Some earlier analyses had already revealed that patients maintained lung function stabilization for up to a year. The new results focused on those who initially received a placebo or pirfenidone before switching to deupirfenidone.

Patients switching from placebo (n=17) experienced a mean FVC change of +20.0 mL after 26 weeks on deupirfenidone, while those switching from pirfenidone (n=16) saw a mean change of –23.1 mL. These figures indicate stabilization of lung function comparable to the expected natural decline in healthy older adults, estimated at –30 to –50 mL annually.

“The blinded portion of the ELEVATE trial showed that deupirfenidone could achieve stabilization of lung function with favorable tolerability, challenging the idea that safety improvements alone were the biggest opportunity in IPF,” said Argyrios E. Tzouvelekis, M.D., of the University of Patras, Greece, who presented the results at the conference. “Now, we are seeing that even patients who declined on placebo or pirfenidone were able to stabilize once switched to deupirfenidone. This reinforces the reproducibility of the results and suggests potential benefit for patients transitioning from the current standard of care.”

Sven Dethlefs, Ph.D.

Sven Dethlefs, Ph.D.

Safety results from the extension study were consistent with earlier findings. The most common treatment-emergent adverse events included mild gastrointestinal symptoms, respiratory infections and cough. They occurred at similar rates across the two studied doses of deupirfenidone. Importantly, tolerability remained favorable over the 52-week period.

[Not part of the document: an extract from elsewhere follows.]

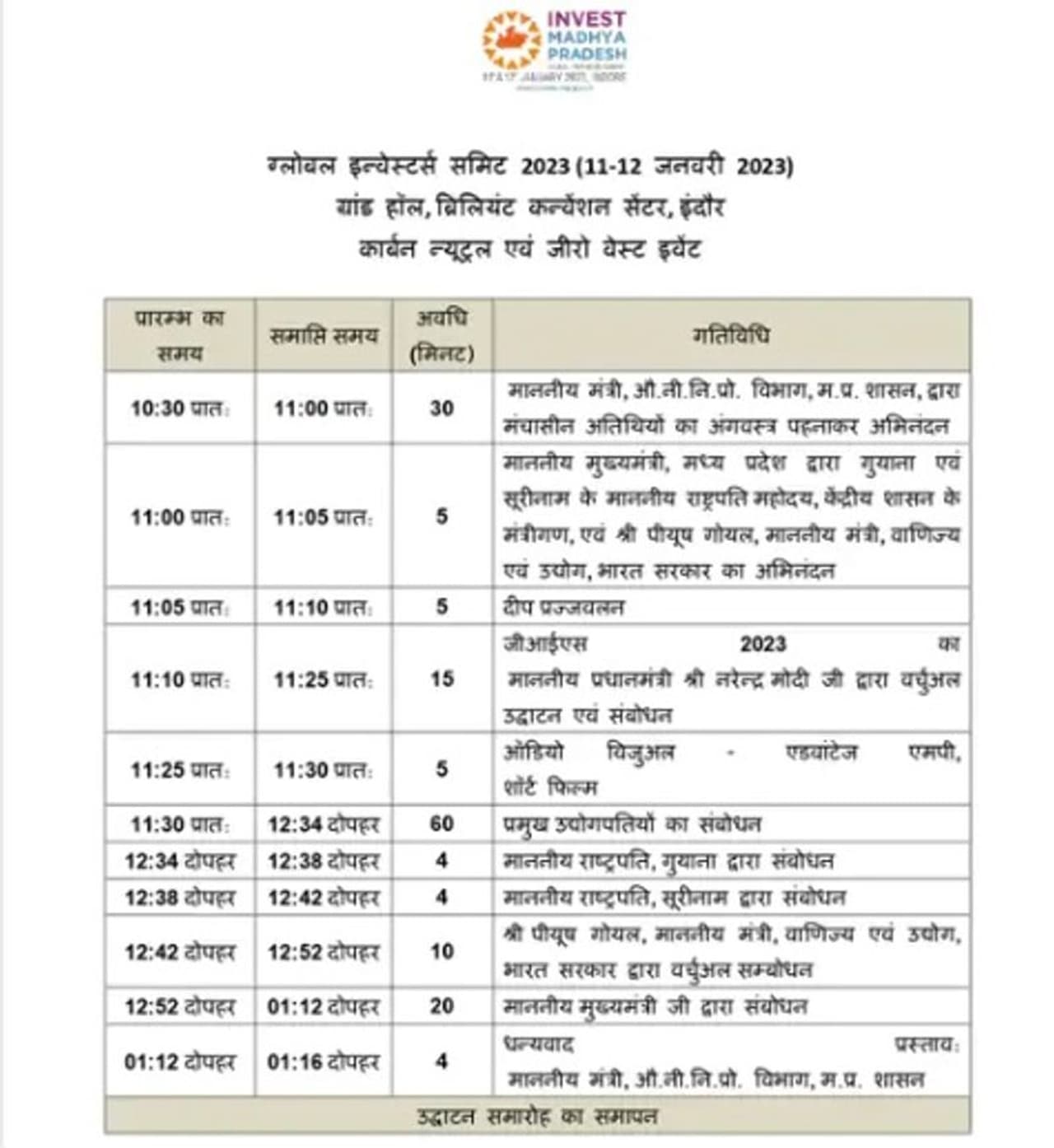 इंदौर(Madhya Pradesh). इंदौर में 11 और 12 जनवरी को छटवें ग्लोबल इन्वेस्टर्स समिट का आयोजन किया जा रहा है। ग्लोबल इन्वेस्टर्स समिट में कई विषयों पर 19 समानांतर सत्र होंगे। इंदौर के ब्रिलिएंट कन्वेंशन सेंटर में इन सत्रों में देश-विदेश के निवेशक शामिल हो रहे हैं। प्रधानमंत्री नरेंद्र मोदी समिट का वर्चुअली शुभारंभ कर संबोधित कर रहे हैं । शुभारंभ सत्र में सूरीनाम के राष्ट्रपति चंद्रिका प्रसाद संतोखी एवं गुयाना के राष्ट्रपति डा. मोहम्मद इरफान अली का संबोधन भी होगा। इस सत्र में विदेश मंत्री एस जयशंकर और उद्योग मंत्री पीयूष गोयल का वर्चुअल संबोधन होगा। समिट को मुख्यमंत्री शिवराज सिंह चौहान भी संबोधित करेंगे। समिट की शुरुआत सुबह 10:30 बजे ब्रिलिएंट कन्वेंशन सेंटर में कर दी गई है।

Sven Dethlefs, Ph.D., CEO of Celea Therapeutics, emphasized the strength of the findings.

“The reproducibility across blinded, extension, and switch cohorts gives us strong confidence in the robustness of the data,” he said. “We believe deupirfenidone has the potential to become a new standard of care in IPF, and we are actively engaging with regulators to finalize the Phase 3 trial design. We expect to share an update in the fourth quarter of 2025.”

As regulatory discussions move forward, the Phase 3 program is expected to clarify whether deupirfenidone can deliver on its promise of stabilizing lung function over the long term in a broader patient population.